Aim: Lamivudine is effective in hepatitis B e antigen (HBeAg)-positive chronic hepatitis B, but the relapse rate after cessation of treatment is high. The evolution of viral genome may contribute to the viral replication under antiviral pressure of lamivudine. We therefore determined the evolution of hepatitis B virus (HBV) precore/basal core promoter and polymerase genes in HBeAg-positive chronic hepatitis B patient during lamivudine therapy.
Method: Thirteen patients with HBeAg-positive chronic hepatitis who had received short-term lamivudine therapy (mean, 30 weeks) during 1999-2001 were enrolled. The precore/basal core promoter region and polymerase gene were amplified and directly sequenced before, during and post lamivudine treatment.

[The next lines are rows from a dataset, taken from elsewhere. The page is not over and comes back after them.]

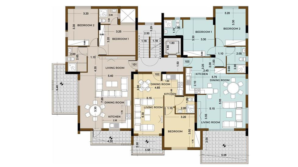 • Covered Area: 105 m2
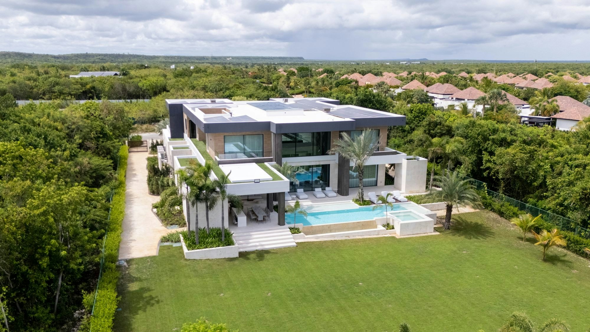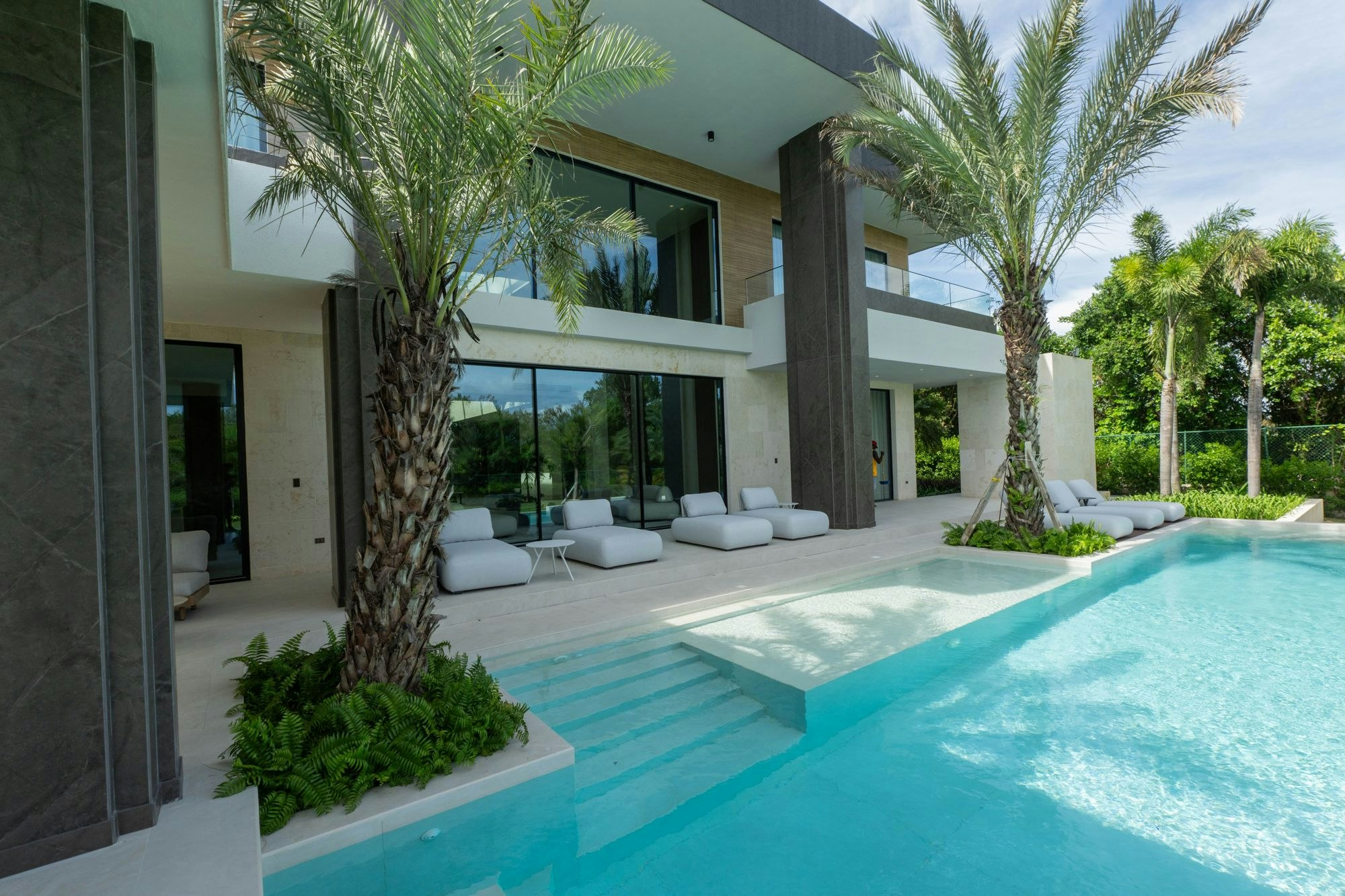 Villa Yarari is everything you could ask for in a Caribbean home. Located in Cap Cana, one of the most exclusive residential enclaves in the Dominican Republic, it is the perfect fusion of tropical lushness and elegant, functional architecture. The project, designed by Grupo Sacovex, features clean and open volumes that organise the home around light, the garden with a pool, and the spatial continuity between interior and exterior. From the entrance to the terraces, everything is articulated through horizontal planes and large windows that extend the house towards its expansive private green area.
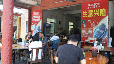 位于大岗镇灵山村的这家德记煲仔饭已经开了18年,虽然开在看似人流量并不大的街边,但每每到饭点的时候,店里早早就坐满了人。
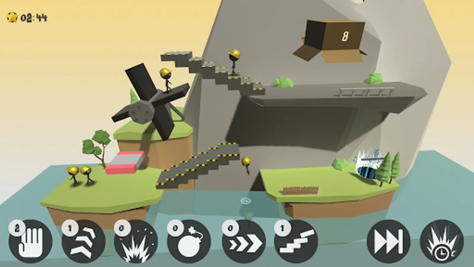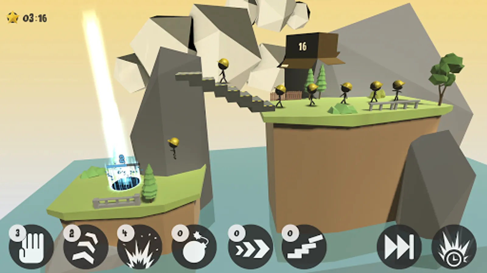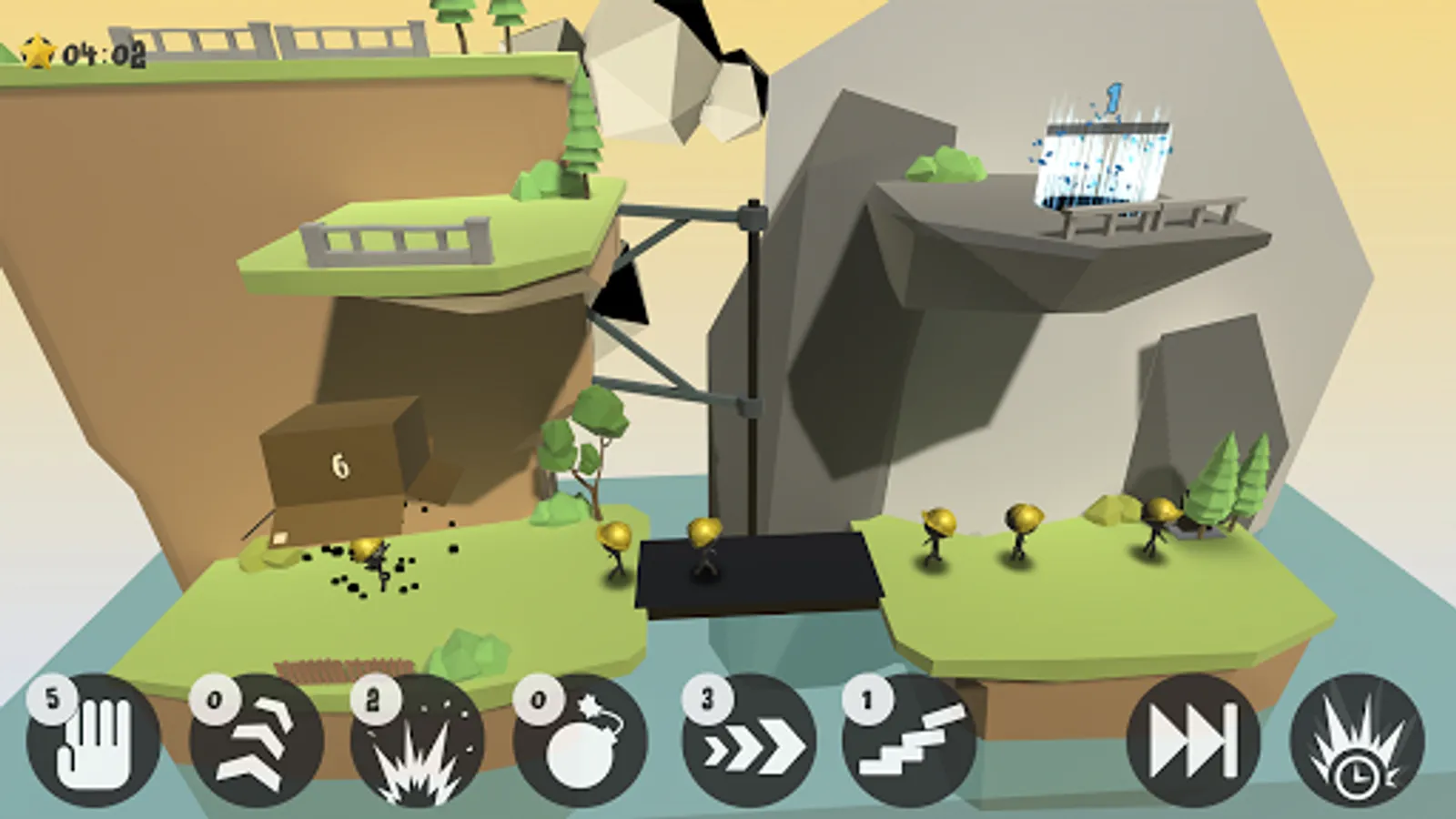 Sticklings Deluxe is a unique puzzle game with the mission to lead a herd of Stickmen into their goals by using various abilities. Like a lemming, a Stickling just walks and walks and it is your objective to correctly assign the correct task to a Stickling to lead all the others the correct path. Abilities include blocking, self destruction, jump, bomb throwing, rush and bridge building. Try to earn as much gold, silver and bronze medals as possible. Oh, and by the way, if you fail there is always the option to nuke them!
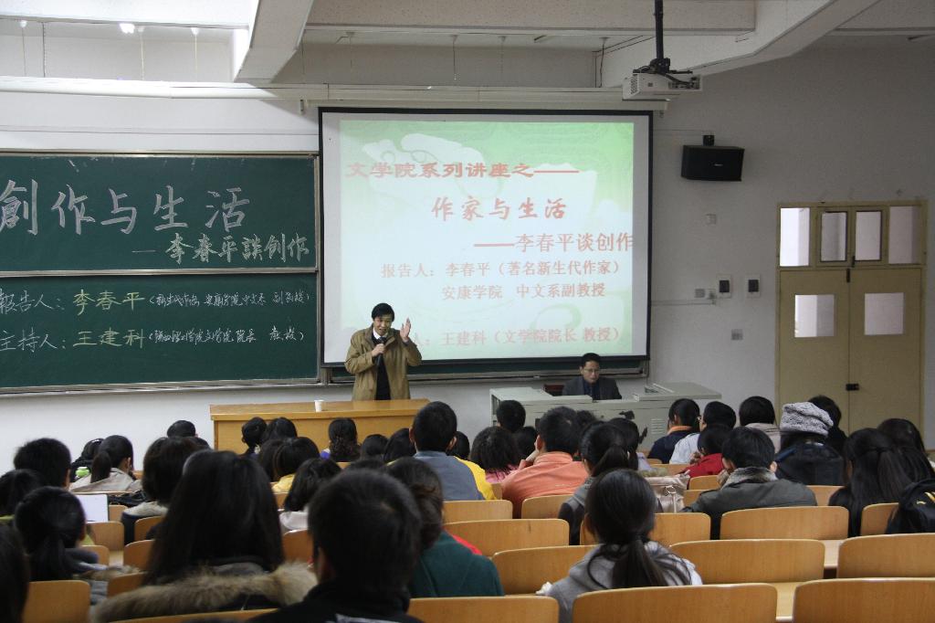 李春平围绕作家与生活这一话题,就生活与文学的关系、作家与作品、读书与写作、虚构与真实的关系作了生动的讲解,并与现场听众进行了互动,回答了同学们提出的有关创作训练与如何做人等问题,博得阵阵掌声。汉中市部分文学爱好者也闻讯前来聆听了报告。

Result: HBeAg loss or seroconversion occurred in 11, but eight relapsed after stopping therapy and five had reversion of HBeAg. Before treatment, basal core promoter mutation was found in 1. In the first 3 months of therapy, a rapid decline of serum HBV DNA level accompanied with basal core promoter mutation appeared in 11 of 13 patients (vs. before therapy; P=0.003). However, this mutant was replaced by wild-type virus in four of eight patients who relapsed after treatment. There was no significant change of precore sequences before and during therapy.
Conclusions: Lamivudine therapy may result in the rapid development of basal core promoter mutation of HBV, but this mutation may revert to wild type gradually after cessation of therapy.